SST Project Technology LASSO Relevance
116400 SSEP/NGHT-1X (Northrop Grumman, GRC) Sub-kW Hall thruster Long-duration station-keeping in perturbed orbit.
106825 Courier SEP Module (ExoTerra/Voyager) Halo thruster + solar arrays Compact EP module for sustained maneuvering.
155369 GPDM (MSFC) ASCENT dual-mode (chemical + electric) Chemical for emergency burns, electric for sustained orbit maintenance.
106834 3D Hybrid Propulsion (USU, Whitmore) Hybrid for lunar landing/sample return Developed explicitly for lunar mission profiles.

LASSO's 10 km orbit requires frequent, responsive maneuvering — a dual-mode system (electric for routine station-keeping, chemical for emergency collision avoidance with terrain) seems architecturally ideal.

Communications

SST Project Technology LASSO Relevance
106823 5G Ka-band Phased Array (SDSU, Sharma) Dual-beam Ka-band comms Earth-to-lunar comms without DSN dependency.
94065 CLICK laser crosslinks (MIT, Cahoy) Optical inter-satellite links If LASSO uses relay architecture.

Potential SST alumni bidders

Companies with both SST heritage and cislunar/DoD positioning that could plausibly bid on LASSO:

Company SST Heritage LASSO-Relevant Capability Likelihood
Advanced Space CAPSTONE cislunar nav Autonomous cislunar positioning, AFRL Oracle High — closest capability match
Tyvak/Terran Orbital (Lockheed Martin) PTD bus provider Smallsat bus with deep-space heritage Medium — now defense prime subsidiary
ExoTerra/Voyager Courier SEP module EP for sustained maneuvering Medium — SDA production experience
Blue Canyon Technologies (Raytheon) Starling swarm bus Smallsat bus + ADCS Medium — less cislunar experience
Starfish Space SSPICY RPO Autonomous proximity ops Low — LEO focus

Confidence: speculative. No Phase 1A awards announced. These are informed guesses based on SST portfolio analysis.

Significance for SST/SSDS

  1. Program evolution: LASSO is the clearest signal that SST's portfolio has matured from LEO CubeSat demos to cislunar operational missions. The SST→SSDS rename (2025) and LASSO partnership are temporally correlated.

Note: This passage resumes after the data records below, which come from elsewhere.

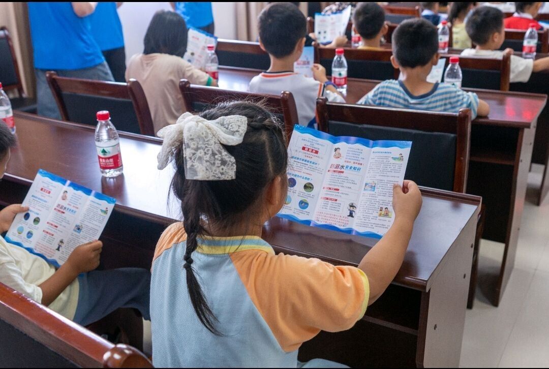 蓝鸢队于7月1日上午9时,来到了江西省赣州市龙南市武当县童心港湾开展防溺水教育。蓝鸢队通过PPT讲解,互动抢答,举手有奖的方式向当地小朋友们科普了一系列防溺水知识。
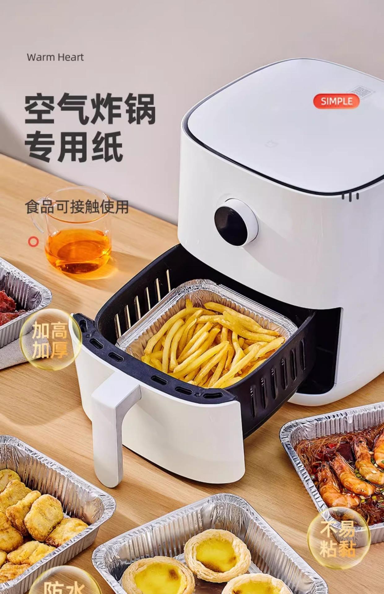 Bandeja especial de papel de hojalata para freidora de aire, cuadrada, desechable, para horno doméstico, de aluminio, para hornear, con recipiente de papel de hojalata grueso.
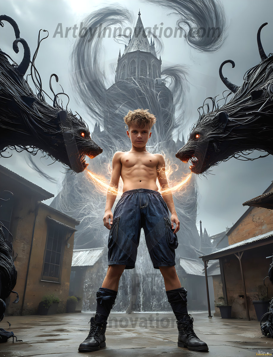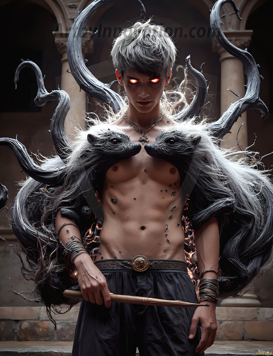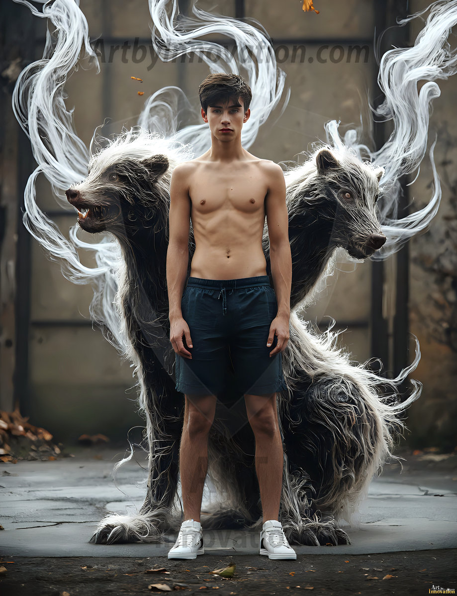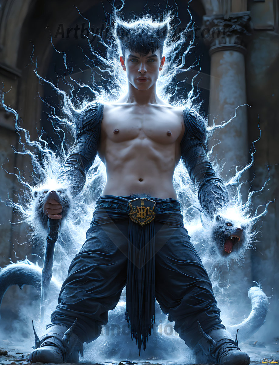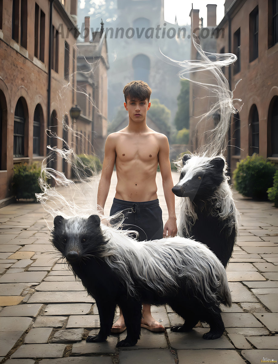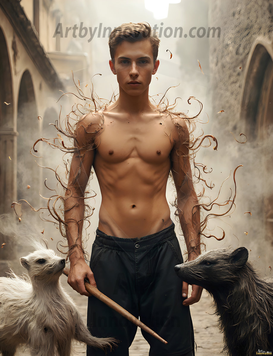 AI male art photos with a fantastical atmosphere. Imagine a Hogwarts School of Witchcraft student, from the Harry Potter series, a handsome, beautiful, and attractive, shirtless young teenage boy, standing firm against a threat. With a detailed Hogwarts castle background, casting a powerful spell, conjuring creatures based on their assigned house crest. From Demonic snakes, powerful lions, fierce badgers, or a murder of Crows. Dementors floating ominously in a cloudy sky, and sparks, shadows, and cinematic lighting, offering an otherworldly vibe.
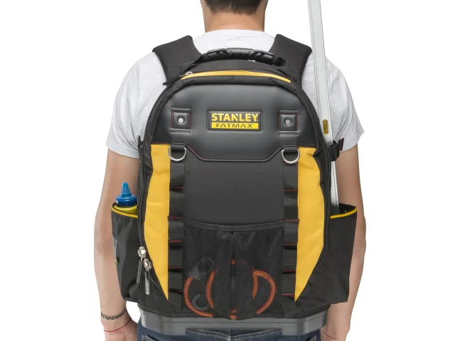 The Stanley FatMax® Tool Backpack has a zip fastening design from top to bottom that allows the backpack to open in two halves. There are compartment pockets inside to hold tools securely and tidily. Made from durable 600 x 600 denier fabric with a waterproof plastic bottom. Will stand up to all worksite and weather conditions, giving the tool bag a longer life.
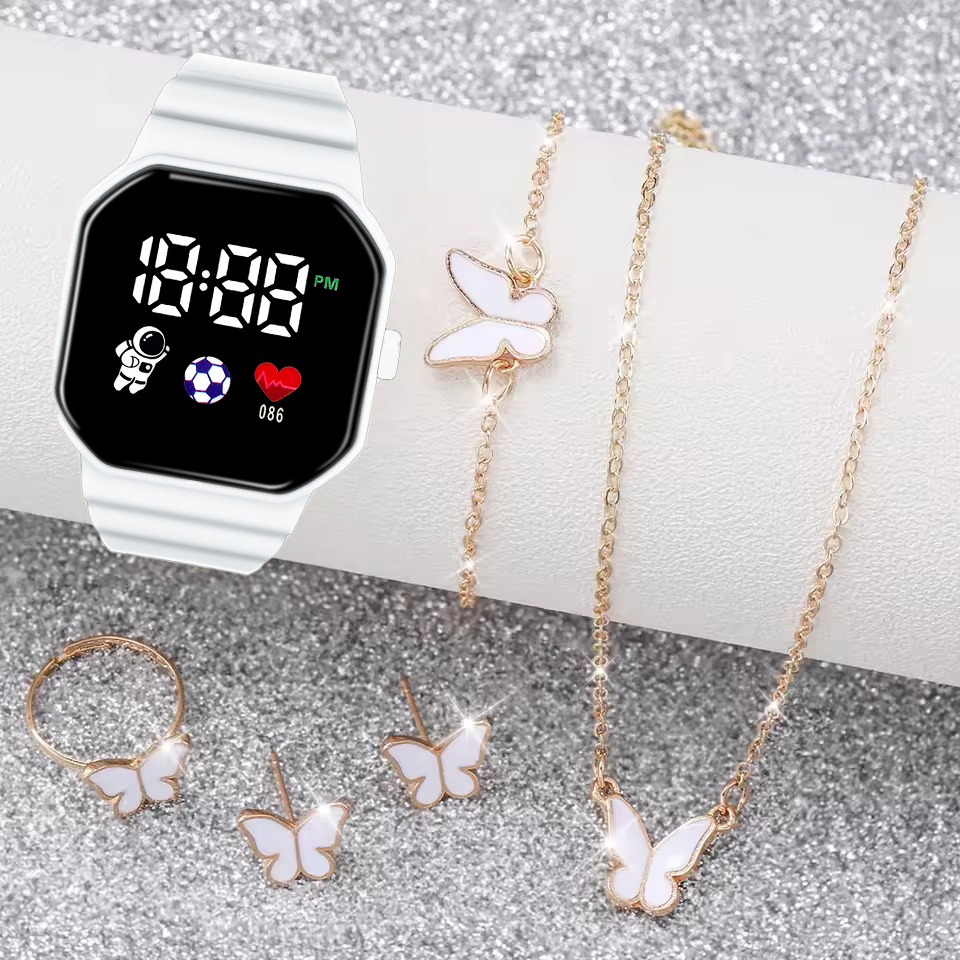 Conjunto de 6 relógios digitais LED para mulheres com pulseira de silicone e enfeite de borboleta, elegante para uso

  2. DARPA partnership is new: SST/SSDS has partnered with DoD through SDA production contracts (Tyvak, ExoTerra) and AFRL awards (Advanced Space), but never through a formal interagency agreement with DARPA. LASSO makes the civil-defense nexus explicit.

  3. Heritage convergence: If an SST alumni company wins LASSO, the infusion story is complete: SST funded the components → SST flew them individually → DARPA integrates them for an operational deep-space mission. This would be the longest and most ambitious SST maturation arc yet.

  4. Contrast with Lunar Flashlight: Both target lunar ice. Lunar Flashlight was a 6U CubeSat with a $20M budget that failed due to propulsion. LASSO is a DARPA-scale mission with higher risk tolerance and more resources. If LASSO succeeds, it validates the "try cheap, learn, then do it right" philosophy.

Open Questions

  • Which companies were selected for Phase 1A? (Not yet public as of April 2026)
  • Does any LASSO Phase 1A team include SST alumni companies or PIs?
  • Will LASSO appear as a TechPort project under SSDS, or only under DARPA?
  • What is the expected launch date? (Not publicly stated)
  • What instrument(s) will detect subsurface water ice? (Neutron spectrometer? Radar? NIR?)